In other words, the government of Tayyip Erdoğan is in a dire strait regarding the most lethal problem of Turkey — the Kurdish question. But no matter what we think of Erdoğan and his policies on other issues, he should be supported to continue with the peace process, because the alternative, which is a re-escalation of the conflict, is quite scary.

The conundrum is that there are entrenched political camps in Turkey, which do not help the problem. Many of Erdoğan’s opponents, who have many good reasons to oppose him on various issues, oppose the peace process as well, simply because they have become deeply suspicious of whatever Erdoğan does. They need to be more nuanced.

On the other hand, Erdoğan has zero nuance, too, for he accuses every critic of the “peace process” of being malicious enemies of peace who again want to see terror and bloodshed. (He even used the term “necrophilia,” adding to the long list of insults he throws at his opponents.) This Manichaeism blinds the government from hearing reasonable criticisms, such as the fact that the government does not have a well-worked out roadmap for the process and suffers from the lack of a transparency.

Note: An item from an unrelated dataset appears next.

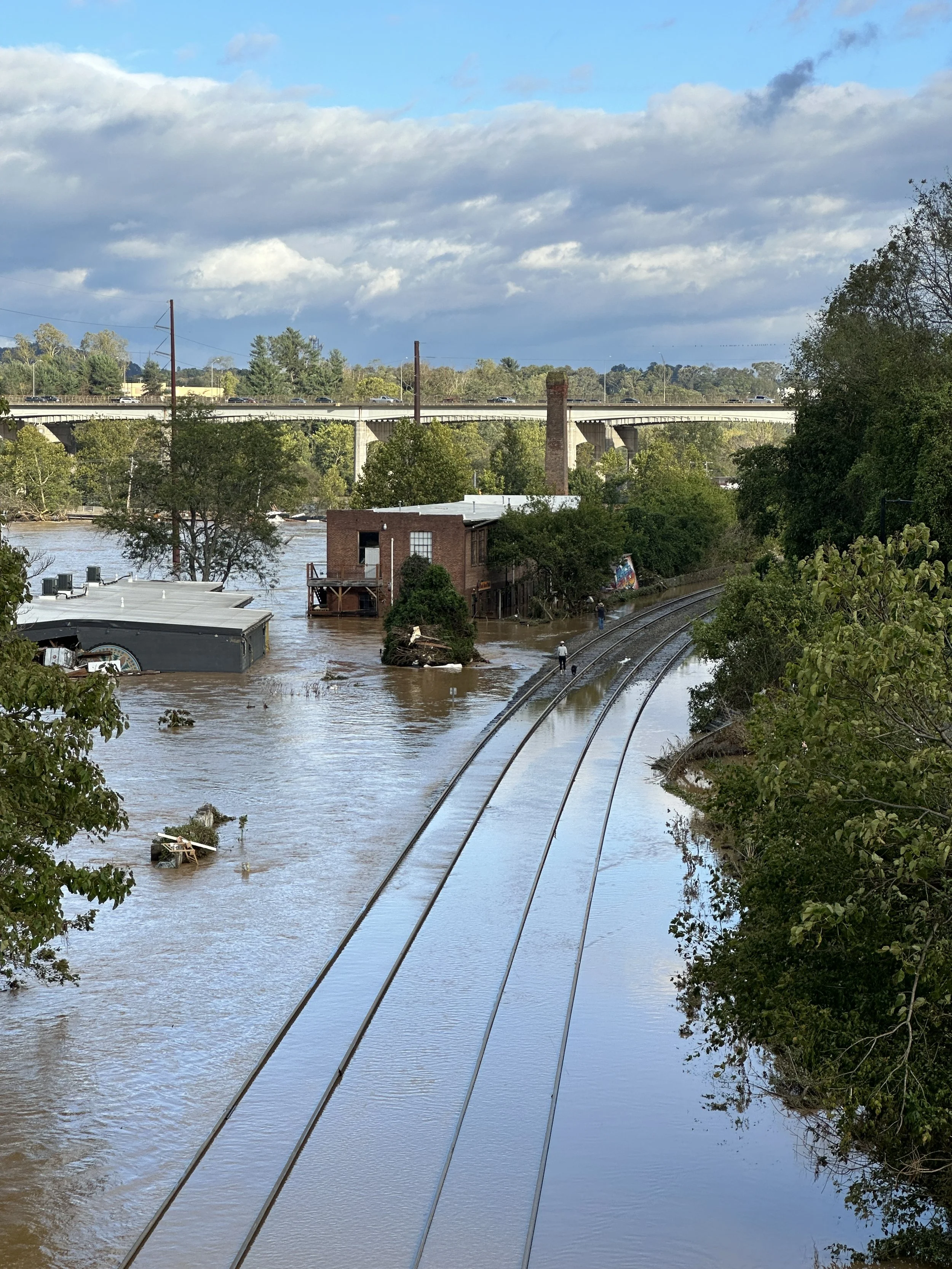 Curve at RAD after heavy rain before going underwater the night Helene came through.

Even bigger problems are visible on the side of the Kurdistan Workers’ Party (PKK) as well. The organization, which is a terrorist group by most international definitions, speaks of its commitment to “peace” all the time. But it keeps its militants under arms, and keeps recruiting more. Recently, it recruited more than a dozen teenagers (committing a violation of the international laws concerning child soldiers) despite the ongoing protests of their families. Moreover, all narratives coming from pro-PKK sources show that the organization wants not just mere “peace,” but an autonomous southeast dominated by its own iron fist.

Here, a party that deserves blame is Turkey’s leftist “democrats,” who have been rightly outspoken against state misconduct, but conspicuously silent about the violence and totalitarianism of the PKK. They need to see that the goodwill on the state side is hardly seen on the other side, with the possible exception of Abdullah Öcalan, the jailed leader of the PKK. But for the fragile peace process to move on, we need progress on the Kurdish side as well, towards reconciliation with Turks and pluralism among Kurds.